Room-in-a-box, Mar 2021
Once every seven years the famous Master Li accepts new disciples to the Temple of the Gold Dragons – and that premise should give you an idea of this game’s theming, layered with absolutely every oriental stereotype you can think of, where inscrutable old men speak cryptic epigrams containing hidden wisdom and the cards jump from Mahjong to chopsticks to koi carp to paper fans to…
Rampant Orientalism aside, it’s attractively illustrated, and is one of Unlock’s more distinctive games in terms of game style. This game mostly abandons the classic Unlock style of ‚combine the right items‘ for a succession of puzzles involving lateral thinking, visual insight, and spotting hidden significance (plus a side game in the app that doesn’t particularly fit with the rest, but is an entertaining diversion). Many of these involve the game’s special rule, which is that any time you can find or derive a set of six lines, solid or broken, you can enter these into the app as a Yi King (I Ching) hexagram, for a piece of timeless insight and more importantly a new card or two.
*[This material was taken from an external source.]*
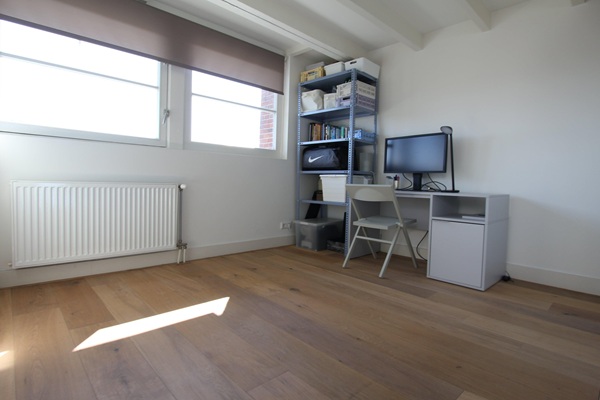 Indeling Via het gemeenschappelijke trappenhuis toegang tot het appartement op de 2e verdieping. Eigen entree, hal met aansluitend een open trap naar de ruime woonkamer en keuken. Door de grote ramen aan beide zijden is dit een heerlijke zonovergoten verdieping (ca. 50m²) met veel lichtinval. De luxe open keuken met kookeiland is volledig uitgerust met inbouwapparatuur zoals een vaatwasser, oven/magnetron, koel-vriescombinatie en gasfornuis. Vanuit hier heeft u een prachtig uitzicht over de ecologische gemeenschappelijke tuin. Het balkon is voorzien van een kast voor bergruimte. Tussen de woonkamer en keuken bevindt zich een apart toilet. De open trap in de woonkamer leidt naar de tweede verdieping van het appartement. Via de overloop bereikt u het fantastische dakterras met prachtig uitzicht over Amsterdam, 3 slaapkamers en de luxe badkamer. De badkamer is voorzien van een ligbad, regendouche, 2e toilet, dubbele wastafel, handdoekradiator, nieuwe wasmachine en droger en een dakraam dat veel lichtinval geeft. Niet geschikt om te delen Niet geschikt voor studenten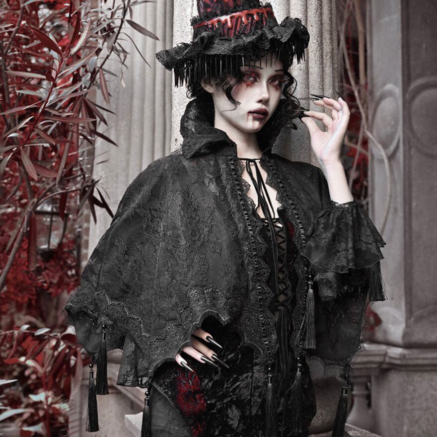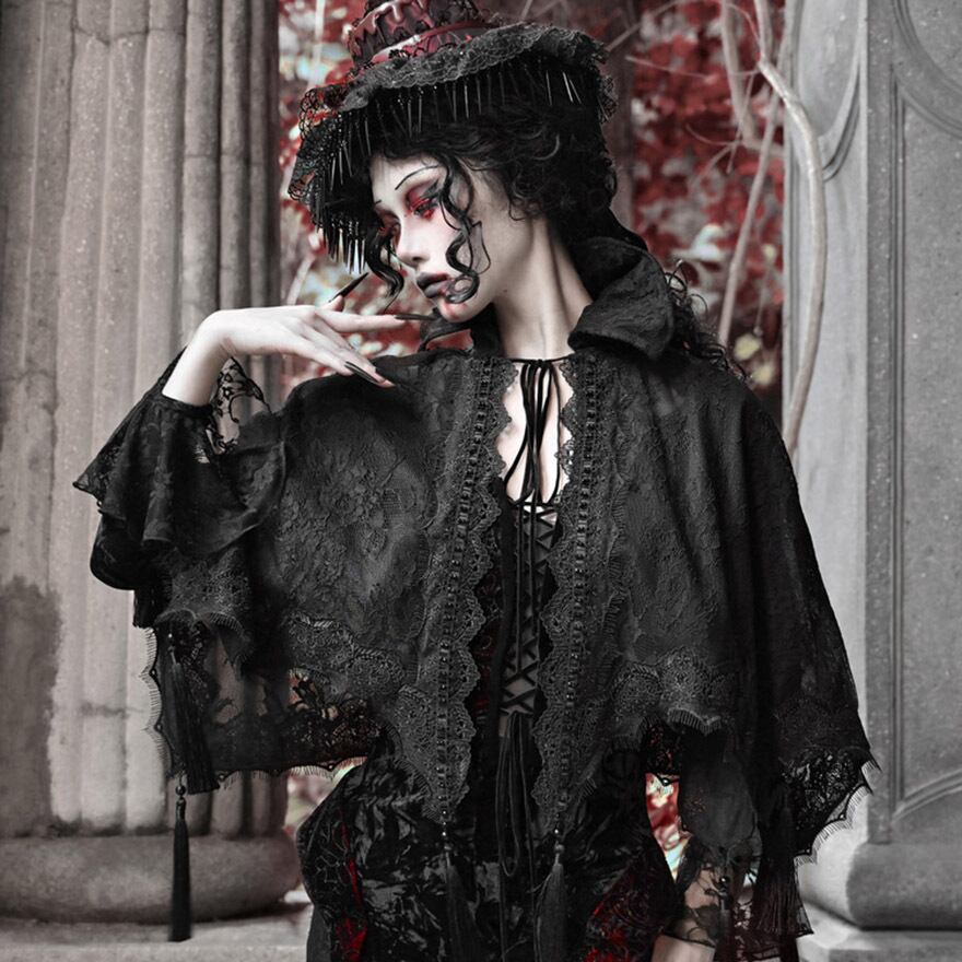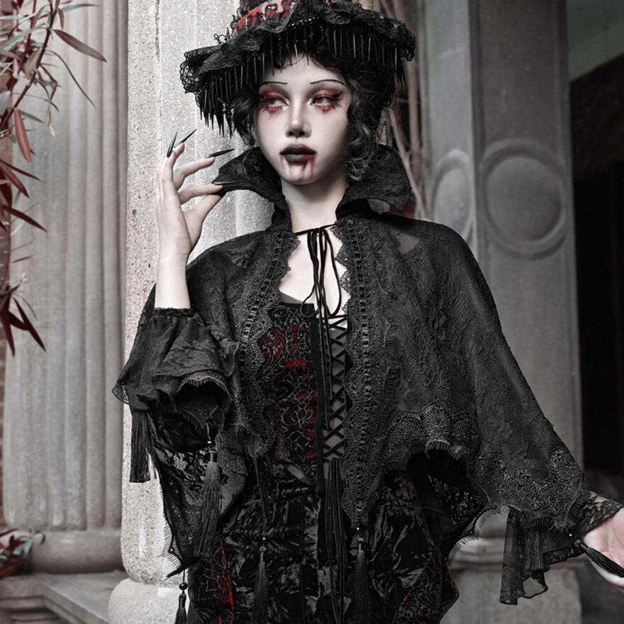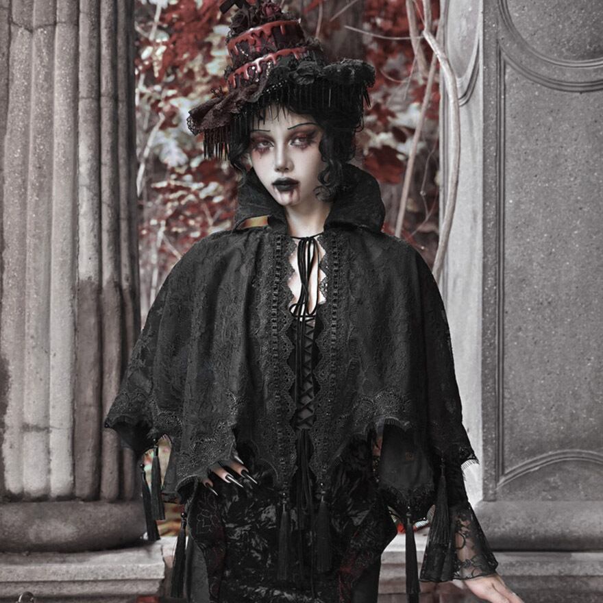 関連キーワード: #ゴスロリ #ゴシック #ケープ #羽織り #レース #タッセル #ダークファッション #サブカルファッション #舞台衣装 #イベント #ハロウィン #V系 #吸血鬼 #地雷系

In this sort of Eastern wisdom training cliché, the master tends to whack the student on the knuckles at the slightest provocation; and this game has a bit of a tendency to do the same with its time penalties. You may also find frequently yourself with no obvious way to proceed. However, in such cases it’s usually clear which card or card you need to focus on, and each such apparent dead end tends to resolve with a satisfying a-ha of insight. You also have 77 minutes to complete it in instead of the normal 60.
Depending on the players, this could be a frustratingly stop-start game; or a satisfying series of challenging but fair puzzles. My experience was mostly the latter; the final step suffered from misleading wording in the instructions, but the strongest puzzles are as creative and clever as anything in the Unlock series.